● **WHAT YOU SHOULD DO**:
The line containing "Plon 1943 in12. 1943. Broché.", and every line after it to the end of the listing, should be repeated exactly; the pictures should not.

● **PROVIDED DATA**:
⟨
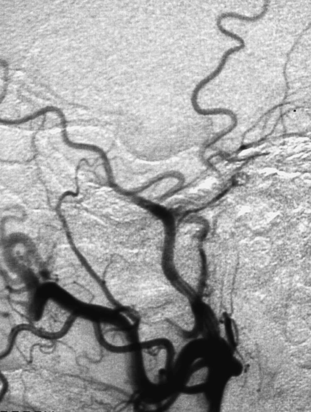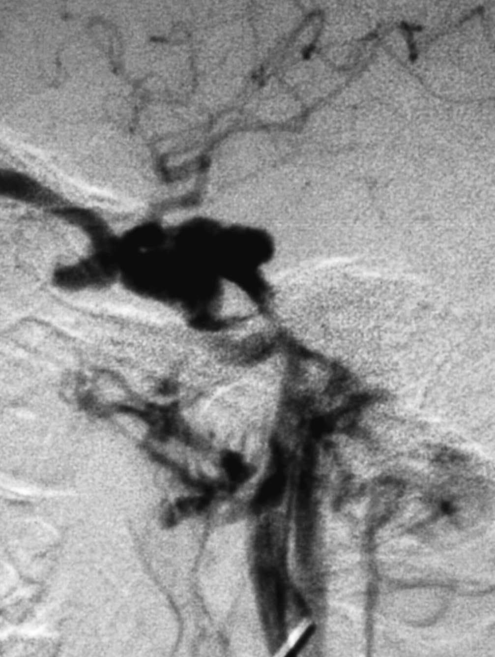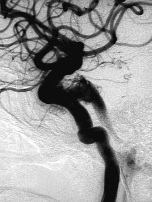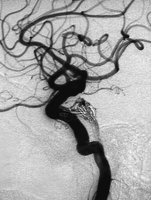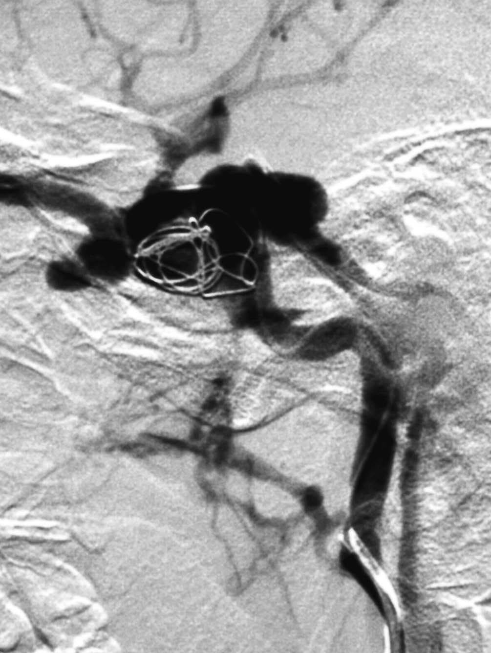 En los casos en los que el tratamiento conservador no ha sido eficaz10, cuando existen manifestaciones clínicas o angiográficas que asocian mal pronóstico, que ya hemos comentado, está indicada la terapia endovascular. La vía de abordaje puede ser arterial o venosa. Inicialmente se prefería la colocación de balones por vía arterial27-29. Con este procedimiento se conseguía cierre de la fístula con preservación de ACI casi en el 90% de los casos, sin embargo la tasa de complicaciones mayores era del 5%, consistiendo en isquemia cerebral transitoria e infartos tromboembólicos o isquémicos30. Los pseudoaneurismas post-tratamiento aparecían hasta en un 44% de los casos y se debían al hueco dejado por el desinflado del balón, pero su trascendencia clínica era escasa28,31. Hoy en día este procedimiento ha sido sustituido por otros gracias al desarrollo y empleo de nuevos materiales y/o vías de abordaje32. Se prefieren los coils en la práctica habitual (fig. 4).
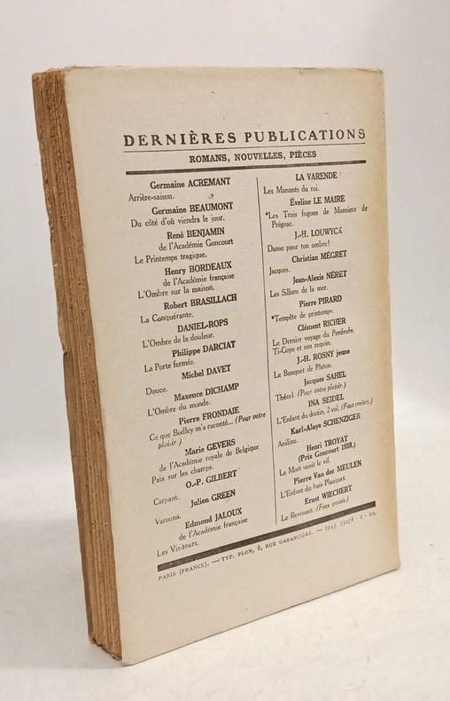 Plon 1943 in12. 1943. Broché.
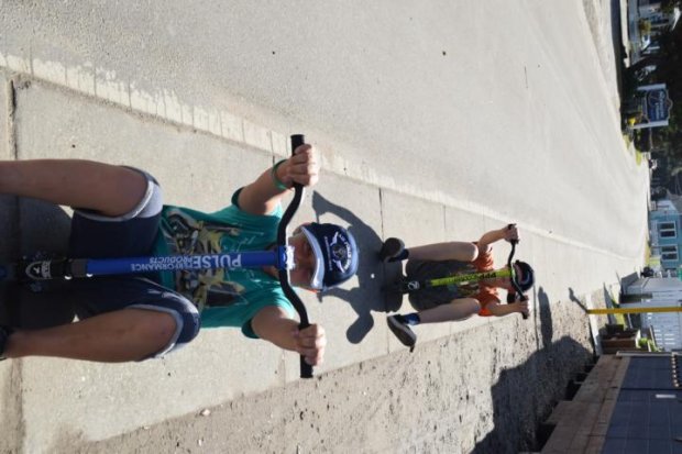 Die Roller der Kinder leisten hier mal wieder gute Dienste.
⟩
● **ANSWER FOR THIS EXERCISE**:
 Plon 1943 in12. 1943. Broché.
 Die Roller der Kinder leisten hier mal wieder gute Dienste.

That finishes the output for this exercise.